# Hilbert–Schmidt Independence Criterion (HSIC): A Clear Numerical Example

This section provides a **step-by-step numerical explanation** of **HSIC** using a nonlinear example. HSIC is a **kernel-based, nonparametric dependence measure** that is widely used for **feature selection**, especially in **time series and high-dimensional settings**.
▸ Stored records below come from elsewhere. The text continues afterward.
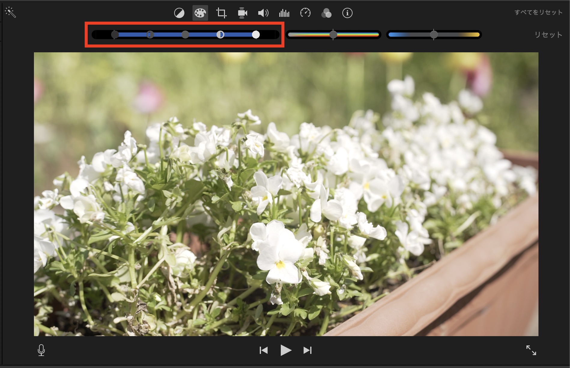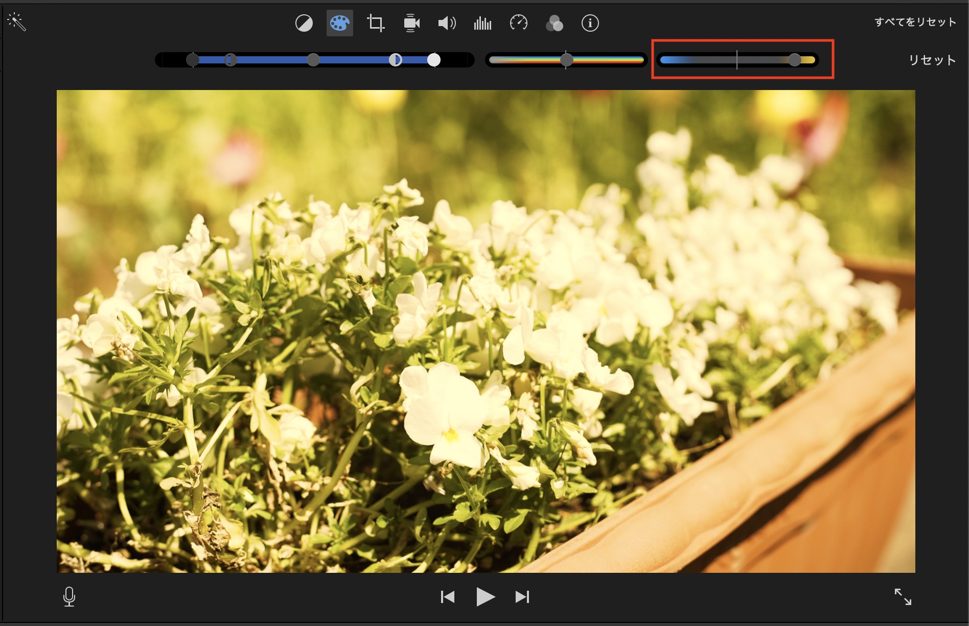 最後のスライダーは色温度(ホワイトバランス)です。左側に動かすと青っぽく、右だとオレンジっぽくクリップの色が変化します。
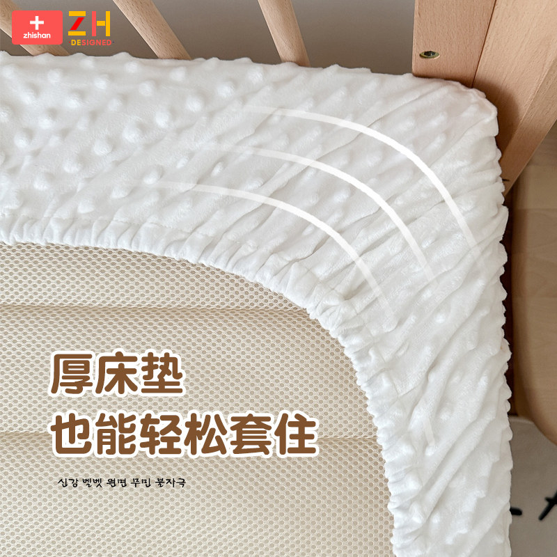 婴儿床笠纯棉a类母婴级豆豆绒床单宝宝专用拼接床秋冬牛奶绒床罩
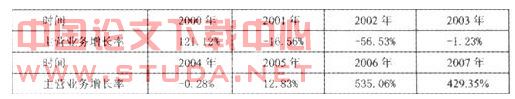 1.主营业务收入受市场影响大。具体表现在当证券市场繁荣时,收入增长极快,主营业务以及利润均以较高比例增长;当证券市场萧条时,收入增长缓慢,与繁荣期增长差距极大,甚至出现负增长。下表是中信证券2000年到2007年主营业务收入增长率:
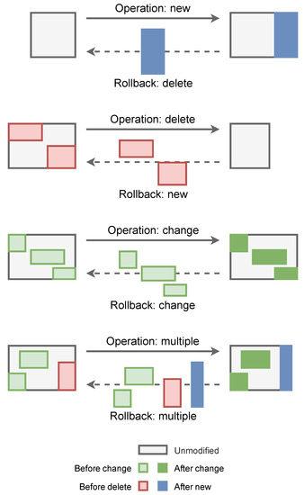 As shown in Figure 4, each of the operations that can be performed on a version of a point cloud dataset implies a series of sets of points to be created, deleted or modified. For each version, there is a rollback point cloud file (RPCL) to perform the transition to the previous version (if any). This file is stored in a standard format for point clouds. In the developed prototype, we use the LAZ format since it provides advanced data compression, which is ideal for storing the historical data in version control. This is because it takes advantage of spatial coherence to perform a coordinates delta compression, so it produces files with the smallest possible storage footprint. Therefore, this file stores a point cloud with all the necessary attributes, including custom fields supported by the LAZ format. In fact, it can be loaded and rendered at any time to check it. These points are used to perform a rollback, and it is the command file that saves the information on how to carry out the process, which is explained next.
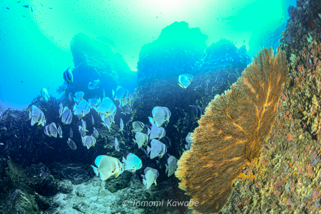 その奥にはナンヨウツバメウオの群れも!
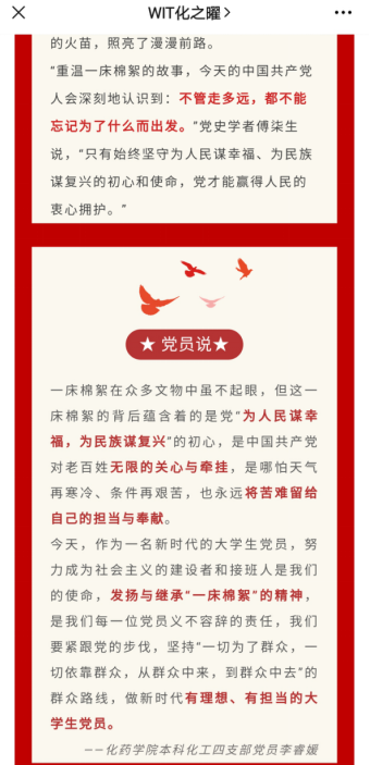 团支部同学申请入党率达100%,经过组织考察发展,现有中共党员2人,中共预备党员3人,入党积极分子13人,中共党员、入党积极分子比率为60%,中国共青团作为中国共产党领导的先进青年的群众组织,应主动承担历史使命,履行义务,服务集体,服务同学。化卓团支部的同学们通过学习党的方针路线、政策等,做到积极响应号召,投身志愿服务事业。无论是校园中的一次小小的志愿活动,还是疫情期间各地的志愿者服务,都有本支部同学的身影。这些活动无论有无学分,大家都主动报名参加,真正做到主动地帮助他人、为他人服务。疫情居家期间,支部多次展开线上会议,分享防疫知识与战疫心得,诉说着抗疫期间的点点滴滴;在疫情防控斗争面前,支部成员赵能闯、李睿媛积极响应号召,主动参与到社区的疫情防控工作中,进行信息登记和志愿者奖励发放等工作,勇敢地担起了防疫志愿者工作,完成了一份特殊的“寒假作业”,在家乡防控“疫”线唱响了青春之歌。赵能闯、李睿媛获得校“抗疫先进个人”荣誉称号。

Unlike Mutual Information (MI), HSIC:

- Does **not** estimate probability densities
- Does **not** require discretization or kNN
- Measures dependence via **kernels and geometry in RKHS**

## Example Setup

We observe one feature $X$ and one target $Y$ over four time points:

| i   | $X_i$ | $Y_i$ |
| --- | ----- | ----- |
| 1   | 1     | 1     |
| 2   | 2     | 4     |
| 3   | 3     | 9     |
| 4   | 4     | 16    |

This is again a **nonlinear relationship**:  
$Y = X^2$

## Step 1 — Choose Kernels

HSIC requires a kernel for $X$ and a kernel for $Y$.

For simplicity, we use the **linear kernel**:

$$
k(x_i, x_j) = x_i x_j
$$

$$
l(y_i, y_j) = y_i y_j
$$

> Note: In practice, **Gaussian (RBF) kernels** are more common, but linear kernels make the computations transparent.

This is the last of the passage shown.